Uh, well, what I think this probably means is that people who _aren't_ going
to make money _don't_ sell a property within 90 days. Even if they were buying
it as an investment/flip, if they aren't going to be able to sell it for a
~15% profit... they hold on to it longer. Until they can.

Realizing this confusion of correlation with causation makes the rest of the
"advice" in the article somewhat suspect too.

It's interesting findings, that there are significant numbers of owners
managing to flip a house quickly for profit. But I'm not sure it can be
extrapolated into a "what you should do".

------
soVeryTired
You should label your axes properly. You haven't defined 'price change' and
'gap' anywhere in the text, so we have to try to deduce the meaning from
context. I'm still not sure if the units are percentage change or thousands of
GBP.

------
pjc50
> If you can wait till year-end, then you're even better off

So .. why stop here? Isn't this just saying that since London houses are an
extremely rising market, the longer you hold the more profitable it its?

------
vinceguidry
The relevant factor in short term asset holds is transaction costs. Whether
you're buying stocks or houses. If you can account for them and make a profit
anyway, you're making money. Generally you need a market edge to lean on.

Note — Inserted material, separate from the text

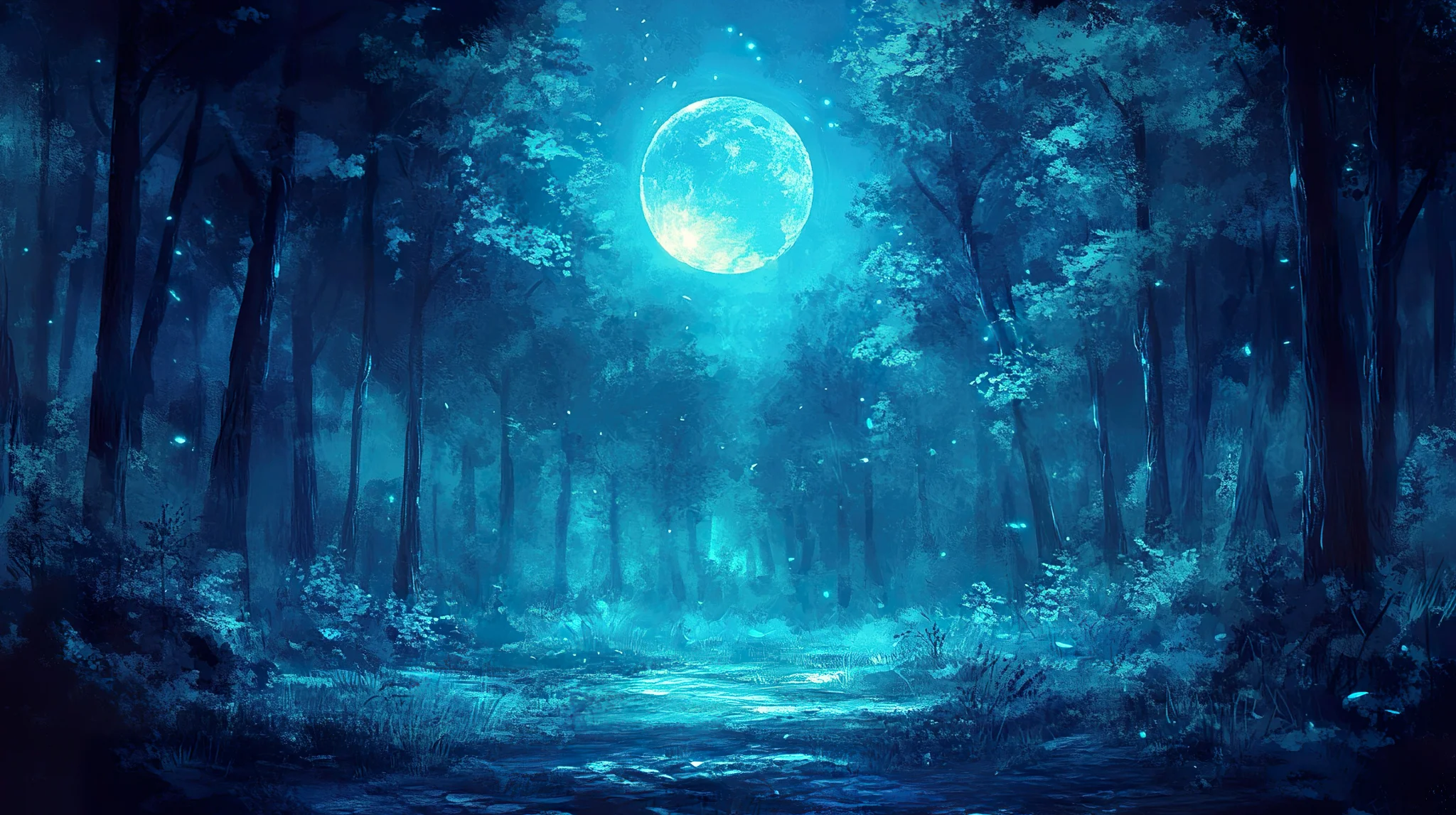 A forest clearing under a full moon with glowing blue hues.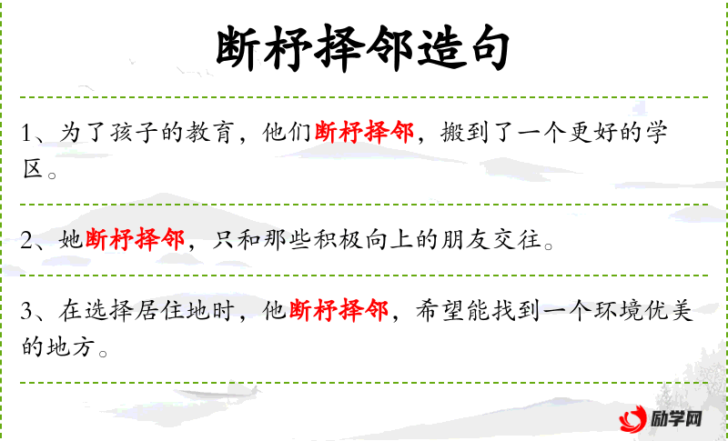 - 断杼择邻:这个成语源自《左传·僖公二十五年》,原文是“断织择邻”,后来演变为“断杼择邻”,强调了环境对人的重要性。

But at the end of the day it's hustling in a zero-sum market. Holding on to
your edge requires work. And doing the deals requires work. Not something you
want to make a career out of if you value your sanity or free time.

------
phyller
This story gives the impression that you can somehow magically make a profit
by buying a house, waiting a few months, and selling it. This is completely
ignoring the concept that most of the data is going to be from house flippers
who don't just buy and sell houses, but renovate houses. If you are a
professional who buys fixer-uppers that no one else wants the hassle of
dealing with, then put a lot of money and work and skill into them, yes you
have a good chance of selling it for more than you spent on it.

If you just buy and sell, and don't do anything to the house, you're very
likely to lose money (when factoring in transaction costs) unless you really
know what is happening in the market. People see what you bought the house for
a few months ago, why would they pay more than you did? Also, as many others
have mentioned, there is a lot of selection bias. People are less likely to
sell if they have to sell for a loss, if they have to hold onto a property
they _wanted_ to sell because they would lose money if they sold, they don't
show up in this data.

------
masto
There's an obvious strategy here to make an infinite amount of money!

------
zwily
What about property tax, which (AIUI) is paid in a big lump sum on purchase,
and not annually like in the USA?

------
rtb
[https://en.wikipedia.org/wiki/Selection_bias](https://en.wikipedia.org/wiki/Selection_bias)